__AVAILABLE DATA__
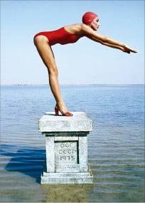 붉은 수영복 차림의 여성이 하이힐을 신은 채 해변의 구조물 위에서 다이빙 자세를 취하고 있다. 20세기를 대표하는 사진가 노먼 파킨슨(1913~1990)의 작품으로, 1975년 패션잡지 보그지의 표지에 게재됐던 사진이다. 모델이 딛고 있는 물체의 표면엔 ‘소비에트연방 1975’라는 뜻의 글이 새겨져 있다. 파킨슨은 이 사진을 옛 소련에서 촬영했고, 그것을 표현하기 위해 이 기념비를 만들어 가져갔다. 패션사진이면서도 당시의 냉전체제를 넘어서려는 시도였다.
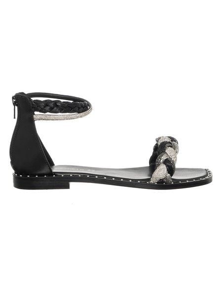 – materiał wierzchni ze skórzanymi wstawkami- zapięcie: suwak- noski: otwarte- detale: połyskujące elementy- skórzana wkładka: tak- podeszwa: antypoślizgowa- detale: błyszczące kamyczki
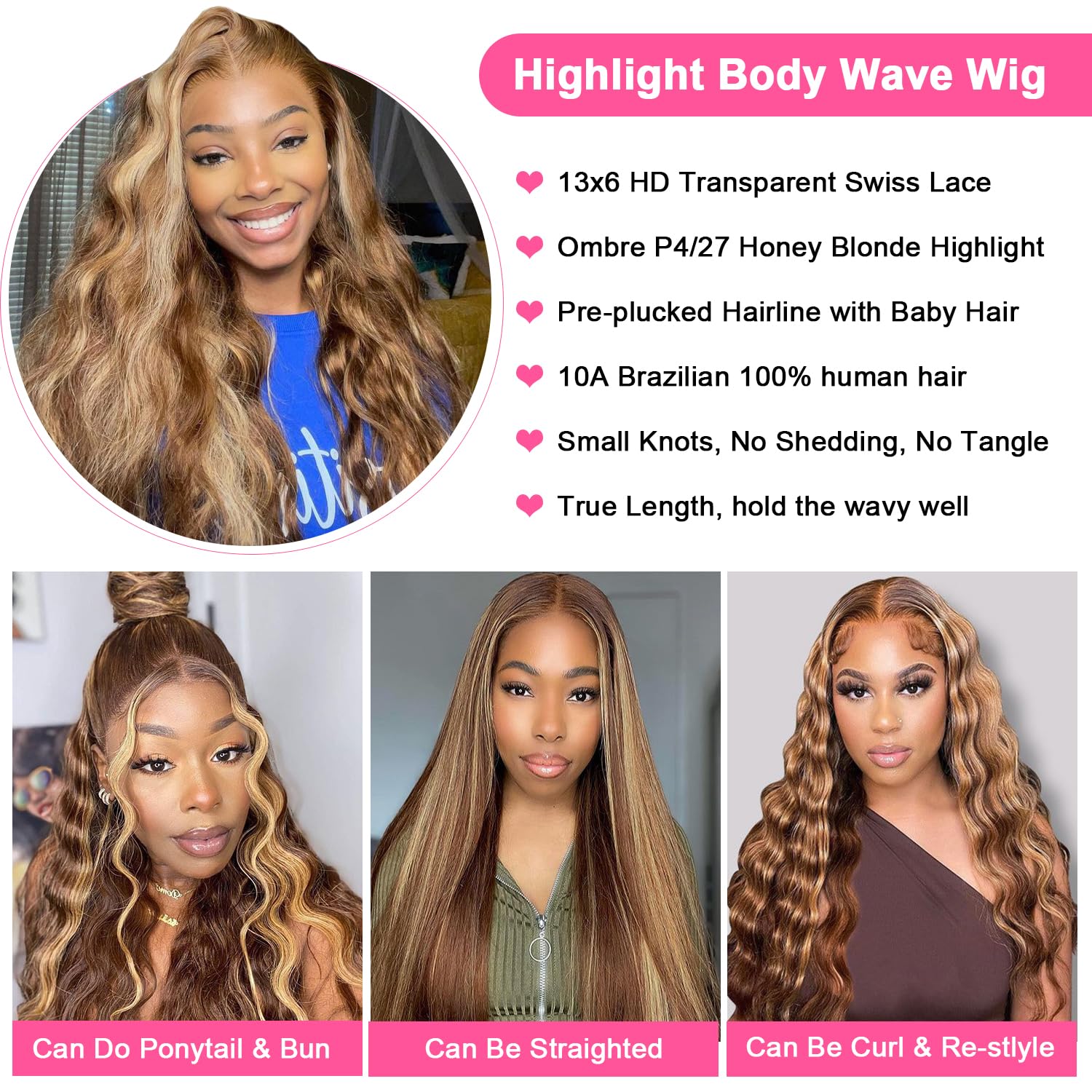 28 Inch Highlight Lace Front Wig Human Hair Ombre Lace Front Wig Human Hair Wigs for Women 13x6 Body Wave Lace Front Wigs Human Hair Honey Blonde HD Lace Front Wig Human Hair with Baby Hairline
...
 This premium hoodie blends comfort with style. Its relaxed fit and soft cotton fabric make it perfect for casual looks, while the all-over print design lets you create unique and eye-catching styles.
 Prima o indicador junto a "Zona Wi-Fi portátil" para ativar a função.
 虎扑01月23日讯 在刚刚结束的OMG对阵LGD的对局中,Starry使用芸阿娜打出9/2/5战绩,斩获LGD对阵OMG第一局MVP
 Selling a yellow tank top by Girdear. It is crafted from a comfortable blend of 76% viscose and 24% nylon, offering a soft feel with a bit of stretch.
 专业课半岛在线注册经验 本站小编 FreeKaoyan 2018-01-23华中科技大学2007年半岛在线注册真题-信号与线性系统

__AIM OF THE EXERCISE__
In the listing above, the required lines run from the line with "붉은 수영복 차림의 여성이" through the line with "28 Inch Highlight". Output exactly those lines, omitting pictures.

__TASK ANSWER__
 붉은 수영복 차림의 여성이 하이힐을 신은 채 해변의 구조물 위에서 다이빙 자세를 취하고 있다. 20세기를 대표하는 사진가 노먼 파킨슨(1913~1990)의 작품으로, 1975년 패션잡지 보그지의 표지에 게재됐던 사진이다. 모델이 딛고 있는 물체의 표면엔 ‘소비에트연방 1975’라는 뜻의 글이 새겨져 있다. 파킨슨은 이 사진을 옛 소련에서 촬영했고, 그것을 표현하기 위해 이 기념비를 만들어 가져갔다. 패션사진이면서도 당시의 냉전체제를 넘어서려는 시도였다.
 – materiał wierzchni ze skórzanymi wstawkami- zapięcie: suwak- noski: otwarte- detale: połyskujące elementy- skórzana wkładka: tak- podeszwa: antypoślizgowa- detale: błyszczące kamyczki
 28 Inch Highlight Lace Front Wig Human Hair Ombre Lace Front Wig Human Hair Wigs for Women 13x6 Body Wave Lace Front Wigs Human Hair Honey Blonde HD Lace Front Wig Human Hair with Baby Hairline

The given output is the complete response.